Необходимые монстры - Ричард Кирк
Шрифт:
Интервал:
– Я тебя и не держу. Ты видел кровь? Настоящую кровь? – Девочка шагнула к нему. Лицо у неё было чумазое, а в волосах ползали вши. Мох обошёл её. – Скоро увидишь. – Мох стал напевать про себя, чтоб не слышать этот детский голосок.

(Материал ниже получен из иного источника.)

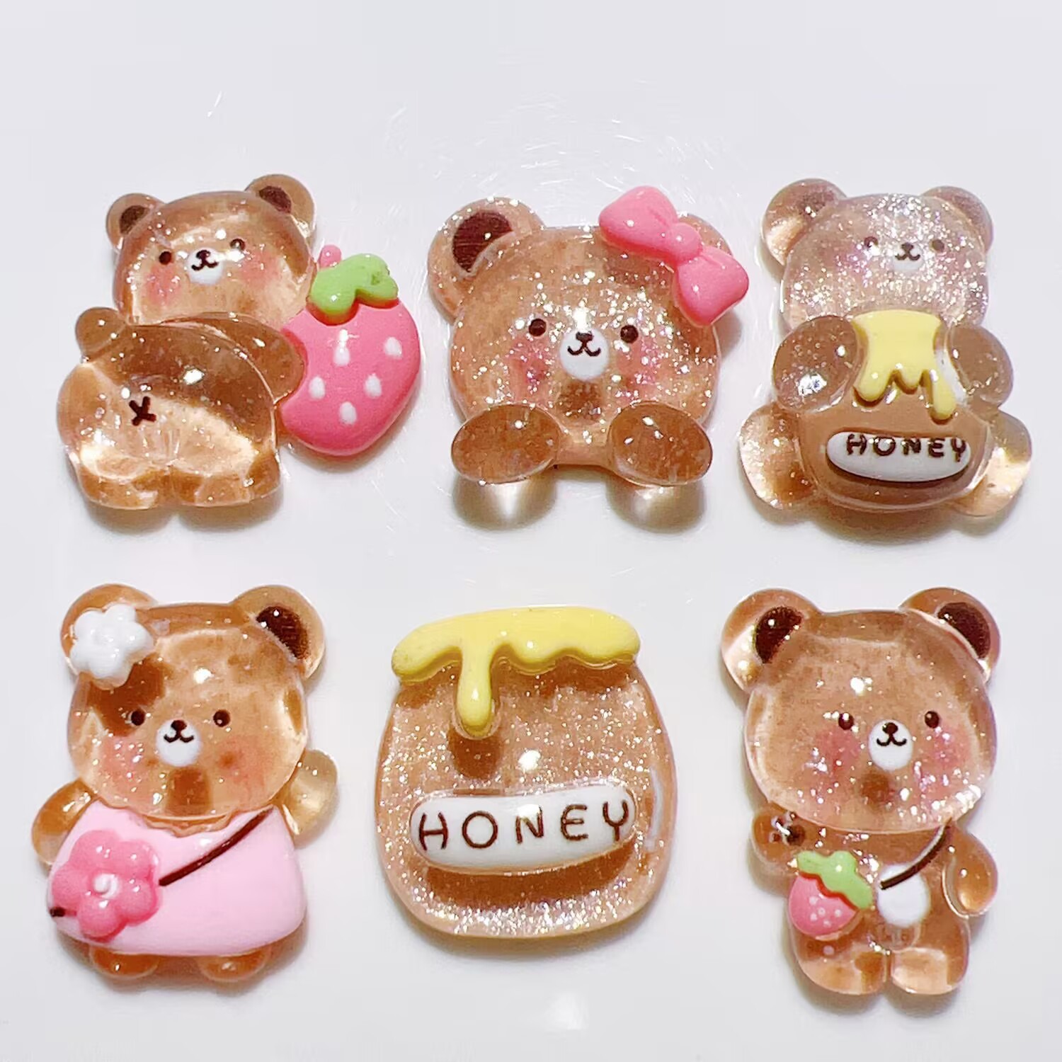 Aksesoris Resin Beruang Kecil Transparan Jepit Rambut Aksesoris Lem Krim DIY Casing Ponsel Stiker Mobil Listrik

Зигзаг белого света попал в поле его зрения и скользнул по диагонали. Заныл затылок, голова потяжелела, будто песком наполнилась. В витрине почты дурманил до головокружения бунт типографских букв, втягивающий его в языковой водоворот. Буквы мерцали, растворялись, а потом вновь появлялись повсюду, когда он пытался сосредоточиться. Мох продолжал шагать, убеждённый, что движение и свежий воздух его успокоят. Зрение ухудшалось. Слева от него зелёные ворота вели в узкое пространство между двумя домиками. В этом проходе старые брусья и доски вели войну с ящиками, переполненными мусором. Какая-то кошка с янтарными глазами, как у Имоджин, шмыгнула мимо, низко опустив хвост. Его распирало от позывов к рвоте и испражнению одновременно. В ужасе, что он вот-вот совершит нечто унизительное, Мох налёг плечом на ворота. Створка распахнулась вовнутрь и остановилась, с громким стуком налетев на стену.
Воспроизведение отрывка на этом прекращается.